- Prompt -
The answer must be an exact transcription of the lines below from the first through the one containing "De tee is gemaakt", with the pictures left out; please add nothing else.

- Data section -
──────────
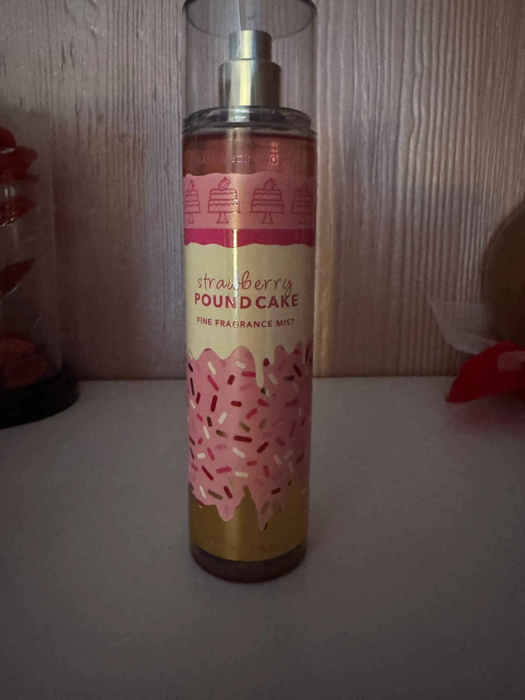 Selling a Bath & Body Works Fine Fragrance Mist in the Strawberry Pound Cake scent! It smells delicious, just like the dessert. Perfect for a quick refresh during the day
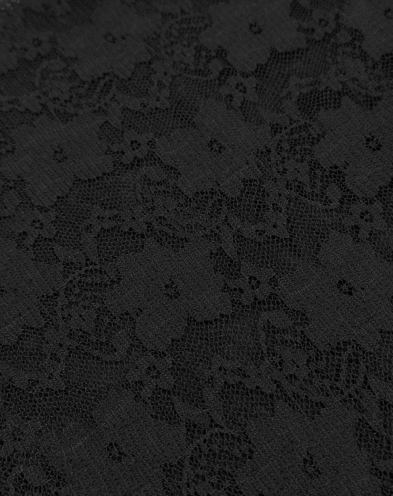 De tee is gemaakt van een acid grijze stof. De tee heeft zwarte, kanten mouwen waardoor deze een unieke look heeft. De tee heeft een roze met rode opdruk aan de voorkant.
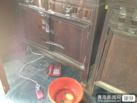 ????記者隨后來(lái)到徐福殿,雖然大殿的大門(mén)敞開(kāi)著,但內(nèi)殿里卻沒(méi)有任何工作人員,只在兩側(cè)隨意支著一張辦公桌和椅子。而當(dāng)記者進(jìn)入到徐福殿后殿的明清家居陳列館時(shí),看到的景象更為震驚。進(jìn)門(mén)之后,首先映入眼簾的是一條插排隨意的放在潮濕的地上,并且插著手機(jī)充電器,而在插排的旁邊則四處放著臉盆和電話等雜物,儼然一個(gè)雜物間。
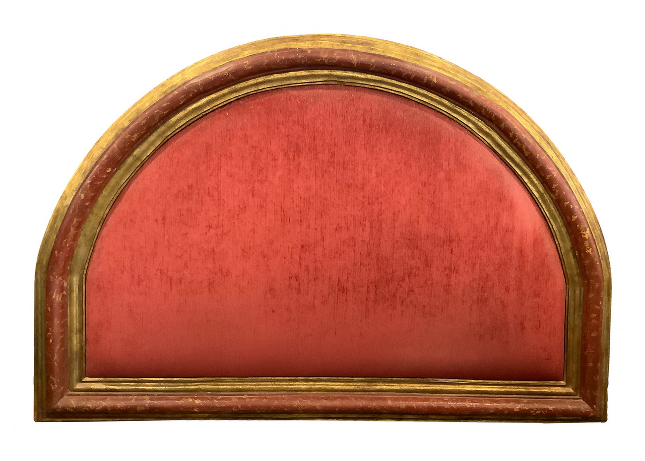 Lotto 266 | Testata da letto realizzata con cornice a mezza luna laccata nelle tinte del rosso screziato e dorata a foglia, XVI seco
──────────
- Answer space -
 Selling a Bath & Body Works Fine Fragrance Mist in the Strawberry Pound Cake scent! It smells delicious, just like the dessert. Perfect for a quick refresh during the day
 De tee is gemaakt van een acid grijze stof. De tee heeft zwarte, kanten mouwen waardoor deze een unieke look heeft. De tee heeft een roze met rode opdruk aan de voorkant.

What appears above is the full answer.